-- Brief --
Within the entries below, please retype exactly the lines starting with the line that has "their daily existence." and going on through the line that has "카페24 sms 인증키와 cafe24문자 아이디 찾는 방법과 적용 관련 설명", but not the pictures.

-- The input --
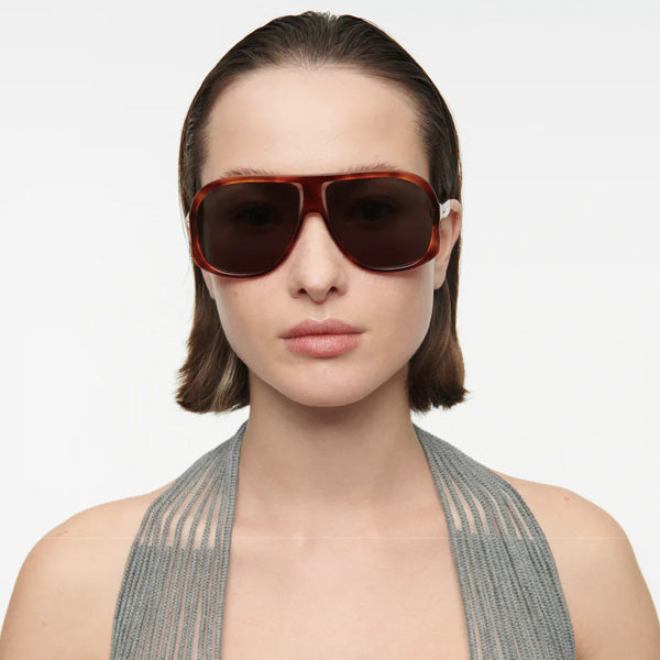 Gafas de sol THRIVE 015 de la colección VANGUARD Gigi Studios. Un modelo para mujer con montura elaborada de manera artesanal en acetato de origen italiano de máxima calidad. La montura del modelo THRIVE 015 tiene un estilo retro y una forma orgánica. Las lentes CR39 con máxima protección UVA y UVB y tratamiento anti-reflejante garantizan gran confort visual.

* * *

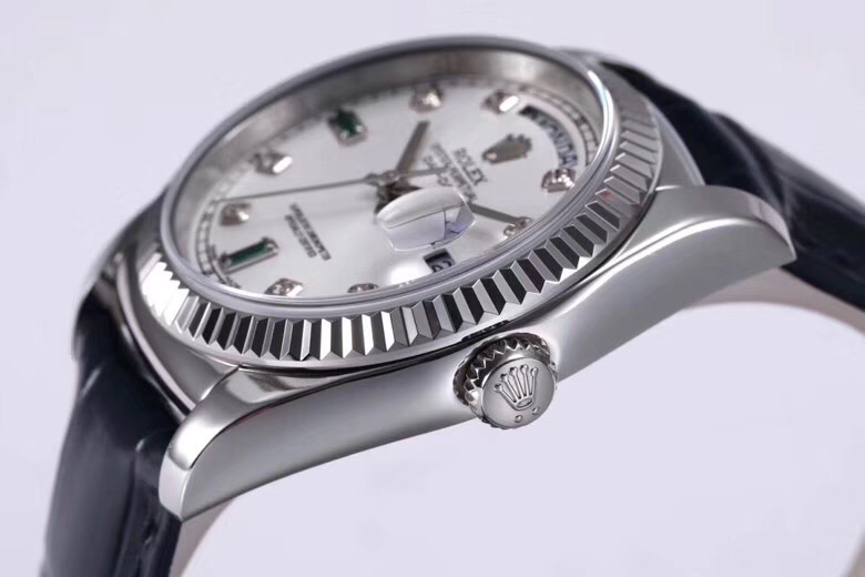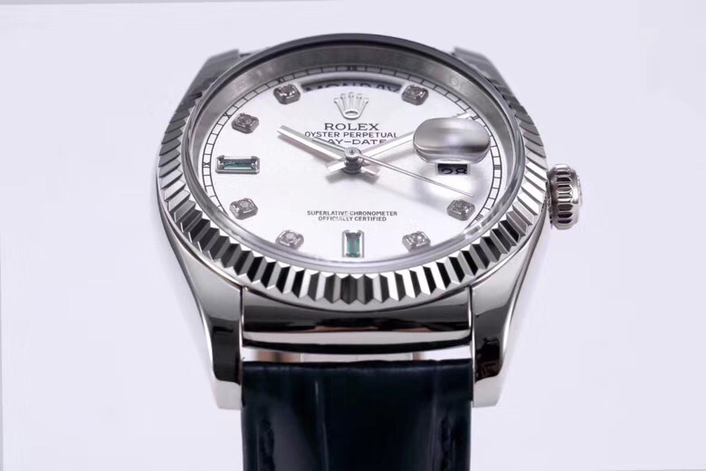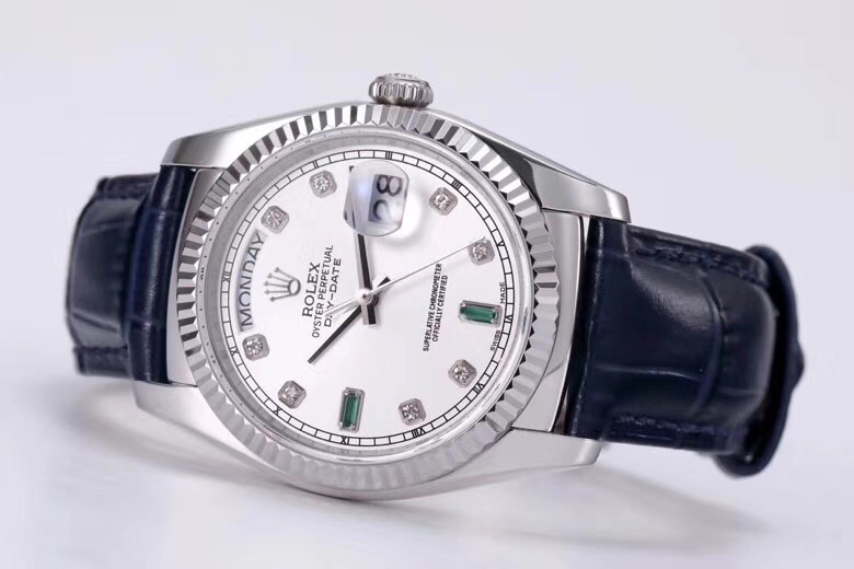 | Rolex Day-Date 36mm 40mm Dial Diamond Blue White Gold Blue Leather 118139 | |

...

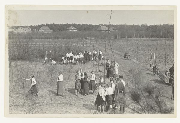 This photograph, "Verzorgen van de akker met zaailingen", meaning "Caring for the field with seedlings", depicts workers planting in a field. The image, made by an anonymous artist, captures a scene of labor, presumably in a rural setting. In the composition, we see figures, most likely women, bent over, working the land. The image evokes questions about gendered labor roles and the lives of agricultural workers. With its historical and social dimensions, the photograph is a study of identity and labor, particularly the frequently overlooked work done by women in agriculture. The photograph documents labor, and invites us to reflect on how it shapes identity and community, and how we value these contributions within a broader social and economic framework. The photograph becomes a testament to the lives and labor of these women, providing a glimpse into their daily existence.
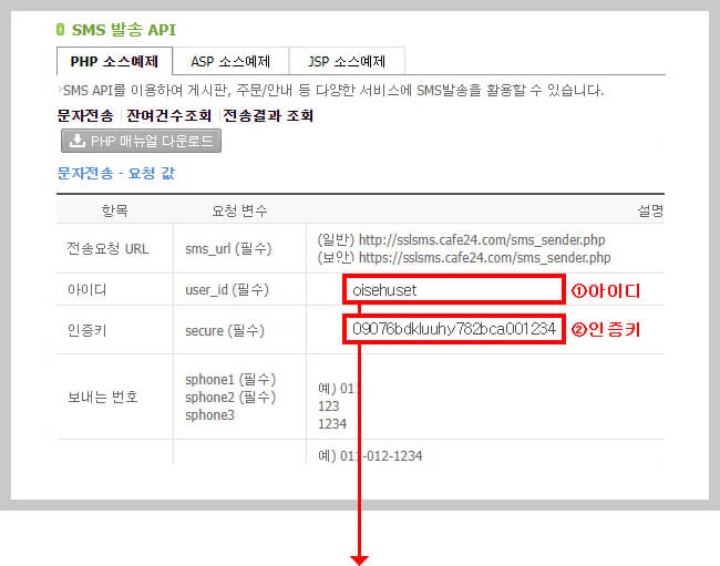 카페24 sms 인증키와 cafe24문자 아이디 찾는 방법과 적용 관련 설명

-- Finished exercise --
 This photograph, "Verzorgen van de akker met zaailingen", meaning "Caring for the field with seedlings", depicts workers planting in a field. The image, made by an anonymous artist, captures a scene of labor, presumably in a rural setting. In the composition, we see figures, most likely women, bent over, working the land. The image evokes questions about gendered labor roles and the lives of agricultural workers. With its historical and social dimensions, the photograph is a study of identity and labor, particularly the frequently overlooked work done by women in agriculture. The photograph documents labor, and invites us to reflect on how it shapes identity and community, and how we value these contributions within a broader social and economic framework. The photograph becomes a testament to the lives and labor of these women, providing a glimpse into their daily existence.
 카페24 sms 인증키와 cafe24문자 아이디 찾는 방법과 적용 관련 설명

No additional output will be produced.